[Collected data entries]
※
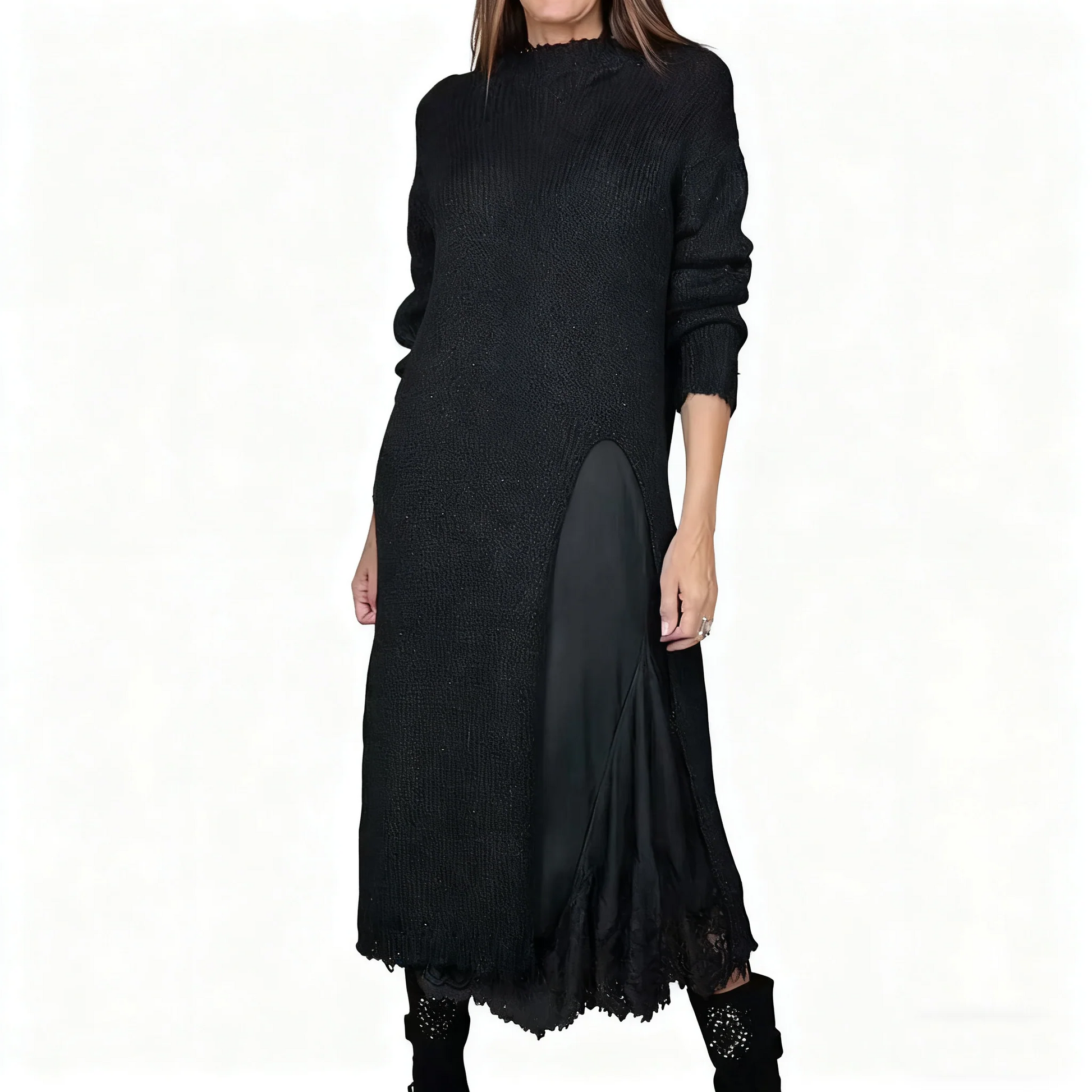 DELICATE LACE ACCENTS: The accompanying spaghetti strap dress features exquisite lace trim details along its hem. These subtle yet luxurious embellishments add a touch of feminine charm and intricate detailing to the inner layer. It ensures the dress looks beautiful on its own or beneath the pullover, enhancing allure.
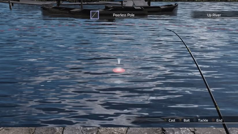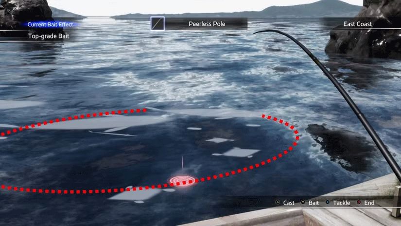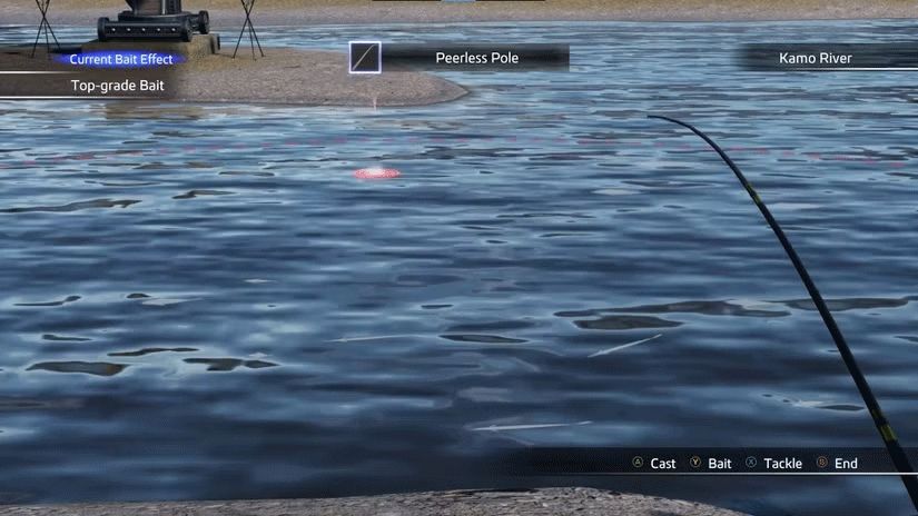 钓鱼的实际操作简单得不得了。一旦你吸引到鱼,让它们啃咬直到手柄震动,然后按下动作键把它们拉进来。或者,如果你不想依赖震动,也可以观察鱼饵上的红色标记。一旦那个红色标记落水,就把鱼拉上去。当然,真正难点在于如何吸引合适的鱼的注意。
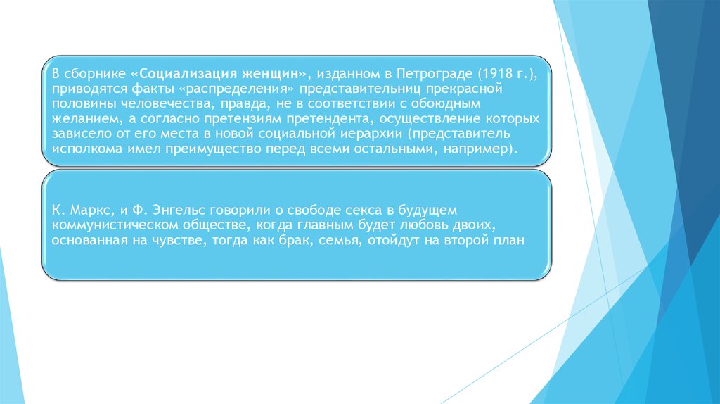 В сборнике «Социализация женщин», изданном в Петрограде (1918 г.),приводятся факты «распределения» представительниц прекрасной
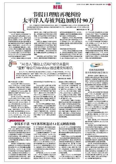 近日,中国裁判文书网发布的判决书显示,投保人于中秋假期首日身故,太平洋人寿却拒按法定节假日保障标准赔付意外保险金,最终该公司被判追加赔付90万元。记者注意到,此前,太平洋人寿的分支机构也在同类纠
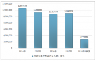 2016年我國未硫化橡膠制品進口總額10792450美元,2017年進口總額10940052美元;2018年1季度進口總額2772449美元。
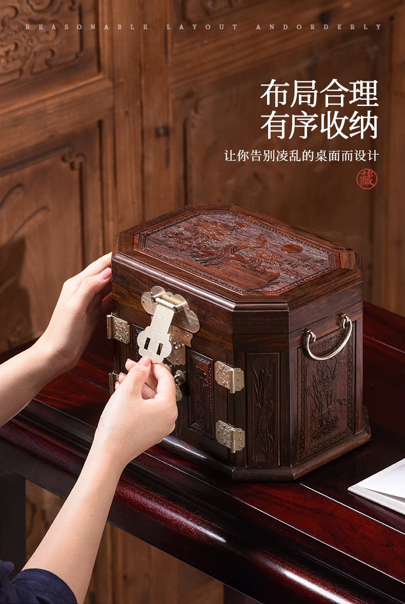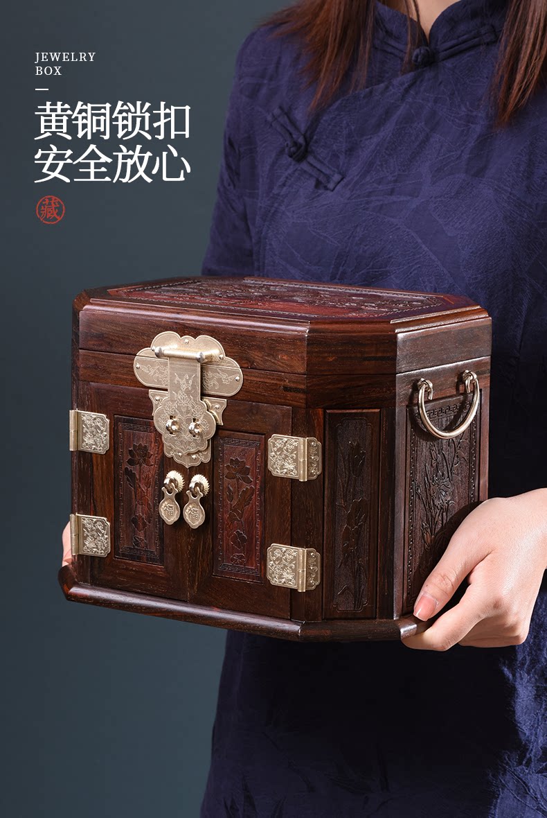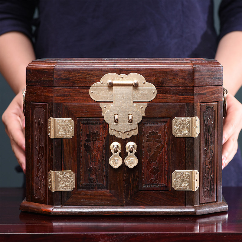 Шкатулка для драгоценностей из лаосского палисандра в китайском стиле, шкатулка для сокровищ из цельного дерева в стиле ретро, туалетный столик из красного дерева, свадебный ящик для хранения с замком
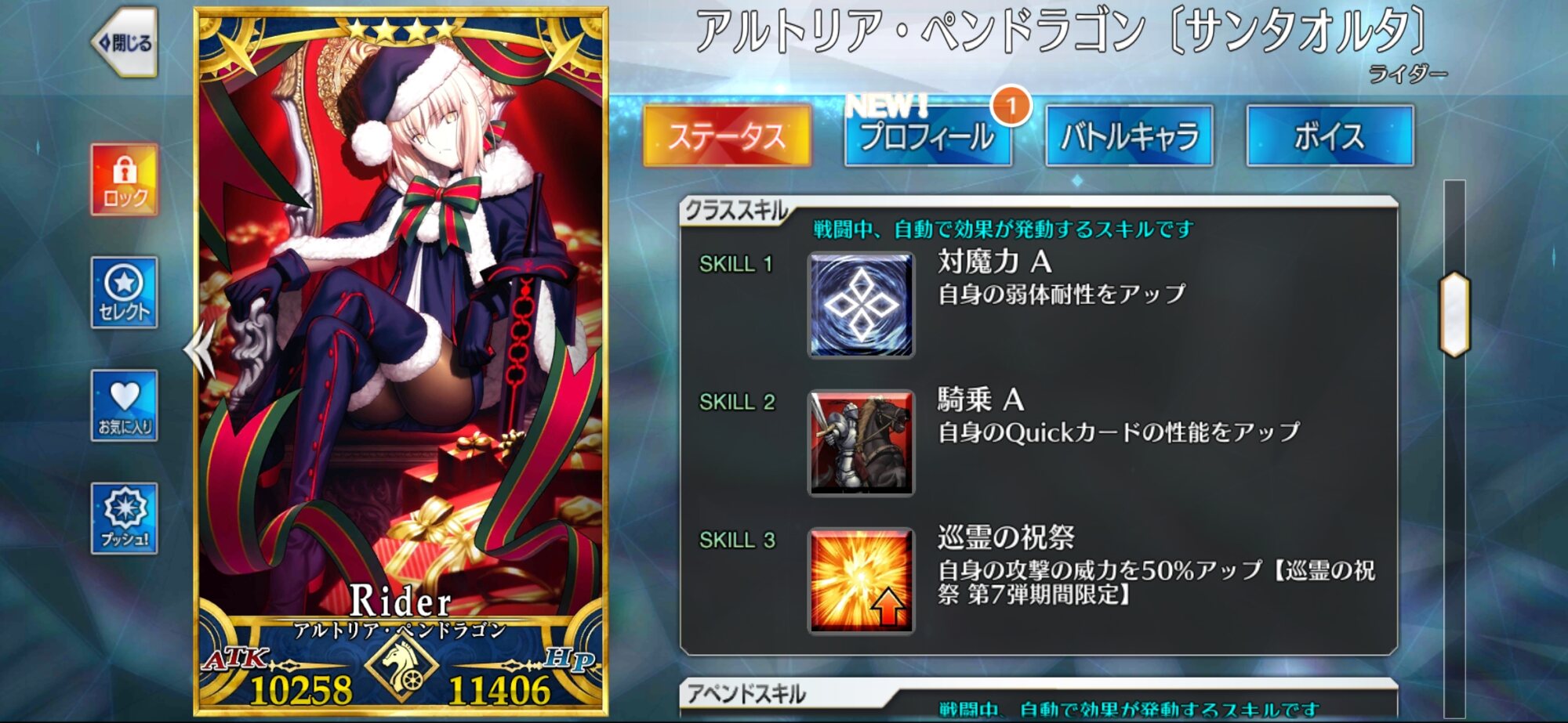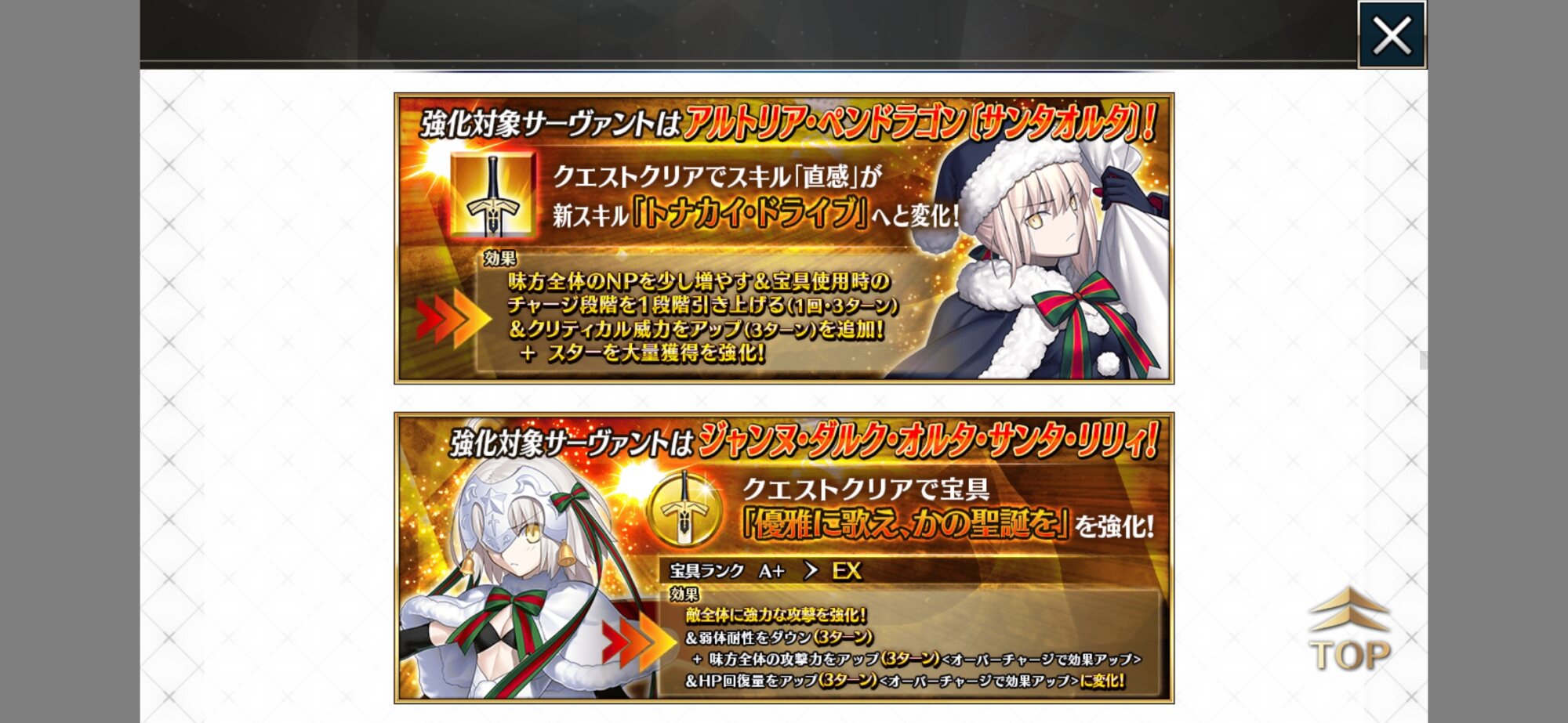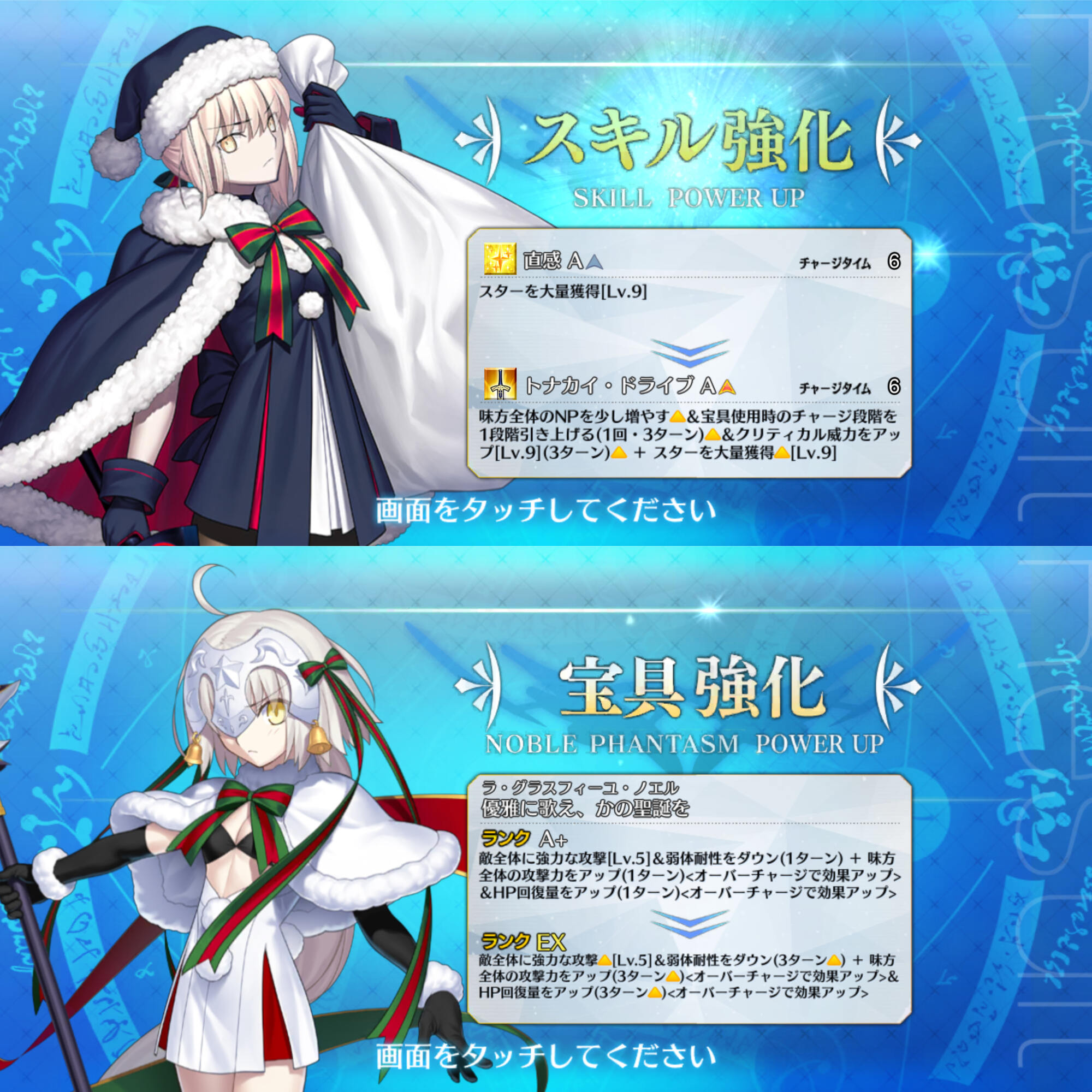 今回はアルトリアサンタとジャンヌ・オルタ・サンタ・リリィが強化‼ 二人ともサポート能力が強化され、パーティの底上げが可能となりました‼ 味方を強化するのはいかにもサンタさんって感じですね‼
※
Could you set down verbatim the lines from the beginning of the entries above through the line containing "изданном в Петрограде", both included, leaving out the pictures?

 DELICATE LACE ACCENTS: The accompanying spaghetti strap dress features exquisite lace trim details along its hem. These subtle yet luxurious embellishments add a touch of feminine charm and intricate detailing to the inner layer. It ensures the dress looks beautiful on its own or beneath the pullover, enhancing allure.
 钓鱼的实际操作简单得不得了。一旦你吸引到鱼,让它们啃咬直到手柄震动,然后按下动作键把它们拉进来。或者,如果你不想依赖震动,也可以观察鱼饵上的红色标记。一旦那个红色标记落水,就把鱼拉上去。当然,真正难点在于如何吸引合适的鱼的注意。
 В сборнике «Социализация женщин», изданном в Петрограде (1918 г.),приводятся факты «распределения» представительниц прекрасной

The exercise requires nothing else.